The trial judge did not err in finding the complainant reliable
[8] The appellant submits that it was unreasonable for the trial judge to accept the complainant’s evidence as reliable given that she did not remember aspects of her evidence and had to be assisted by reviewing transcripts from the preliminary hearing.
[9] There is no merit to this argument. It is essentially an invitation to the court to remake the trial judge’s reliability findings. That is not our role on appeal. The trial judge acknowledged memory shortcomings in the complainant’s evidence but found that these concerned relatively minor matters and did not undermine her credibility. She made no error in doing so, much less a palpable and overriding error that warrants intervention on appeal. The trial judge’s reliability findings are entitled to deference in this court.
Sentence Appeal
[10] The appellant has served the carceral portion of his sentence. He challenges the lifetime SOIRA order that was imposed automatically in accordance with Criminal Code provisions (ss. 490.012 and 490.013(2.1)) then in effect. Those provisions were subsequently declared to be unconstitutional and so of no force or effect, although the declaration in respect of s. 490.012 was suspended for a one-year period: R. v. Ndhlovu, 2022 SCC 38, 474 D.L.R. (4th) 389, at para. 143. The appellant seeks to have the lifetime order reduced to 20 years and filed a notice of constitutional question seeking a remedy under s. 24(1) of the Canadian Charter of Rights and Freedoms.
[11] Subsection 490.05(1) of the Criminal Code permits an application to vary the term of a lifetime order made pursuant to s. 490.012. Subsection (4) requires an applicant to establish that the offences committed do not demonstrate or form part of “a pattern of behaviour showing that the person presents an increased risk or reoffending by committing a crime of a sexual nature”.

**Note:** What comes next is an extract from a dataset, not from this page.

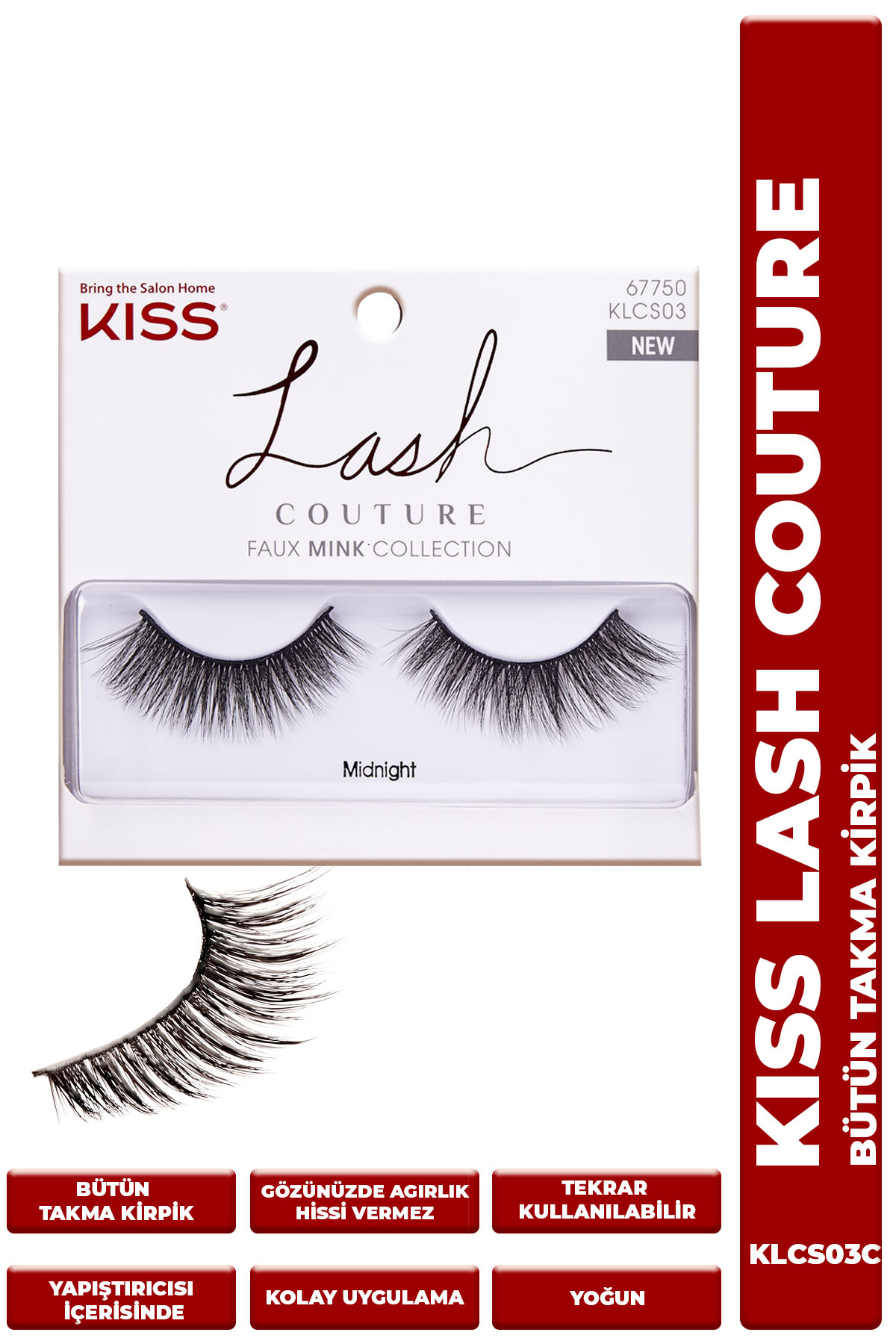 Kiss Lash Couture Komple Takma Kirpik Tekrar kullanılabilir Yapıştırıcı içindedir Kiss Lash Couture Faux Mink komple takma kirpikler ile dolgun ve uzun kirpiklere kavuşun Siyah esnek kirpik bandı sayesinde gözlerinizde eyeliner efekti yaratan Kiss Lash Couture takma kirpikleri, Knot Free teknolojisi ile üretilmiştir Çoklu katmanlı kirpik dizaynı ve ağırlık yapmayan kıvrık yapısı sayesinde gözlerinizde hafif ve rahat bir his bırakır Kutu içerisinde yapıştırıcısı mevcuttur Özel proteinli yapıştırıcısı ile kirpik diplerinize bakim yapar Kolaylıkla takılıp, çıkartılır ve mevcut kirpiklere zarar vermez Tüm göz şekilleri için uygundur Her gün veya özel günler için kullanım idealdir Tekrar kullanılabilir kullanım şekli: Bir cımbız yardımıyla kirpiği kutudan çıkartın Gerekli gördüğünüz takdirde kirpikleri yanlarından keserek göz şekline göre kısaltabilirsiniz Kirpiğin dip kısmını hizalayarak yapıştırıcıyı sürün, 20 30 saniye kadar bekleyin ve doğal kirpiklerinizin diplerini hizalayarak yapıştırın Tercihe göre maskara sürmeden önce 5 dakika bekleyin Kirpikleri çıkartma: Gözünüzün diş kısmından başlayarak kirpikleri yavaşça çekerek çıkartın Kirpik üzerinde kalan yapıştırıcıyı temizleyerek sonraki kullanımlar için kirpiği tekrar kutusunu yerleştirin

[12] The Crown accepts that this court has jurisdiction to make the requested order but argues that the matter should be remitted to the trial judge for proceedings pursuant to s. 490.05(4). We agree. The evidentiary record that would permit the court to substitute a 20-year term for the lifetime SOIRA order is simply not present. We do not agree with the appellant that the reasons for sentencing are adequate for this purpose. Those reasons were written for purpose of determining the appropriate sentence rather than assessing future risk, a question to which a number of additional considerations may be relevant, including expert evidence.
[13] Accordingly, leave to appeal sentence is granted but the sentence appeal is dismissed, without prejudice to the appellant’s right to apply to the Superior Court to vary the length of the SOIRA order.
“Grant Huscroft J.A.”
“P.J. Monahan J.A.”
“S. Gomery J.A.”
Publication Ban
[1] This appeal is subject to a publication ban pursuant to s. 486.4 of the Criminal Code, R.S.C. 1985, c. C-46.
Note on Gender Identity
[2] Note that the appellant identified as a woman at the time of trial and was referred to by the trial judge using female pronouns. According to the appellant’s factum, the appellant now identifies as a man with the pronouns he/him.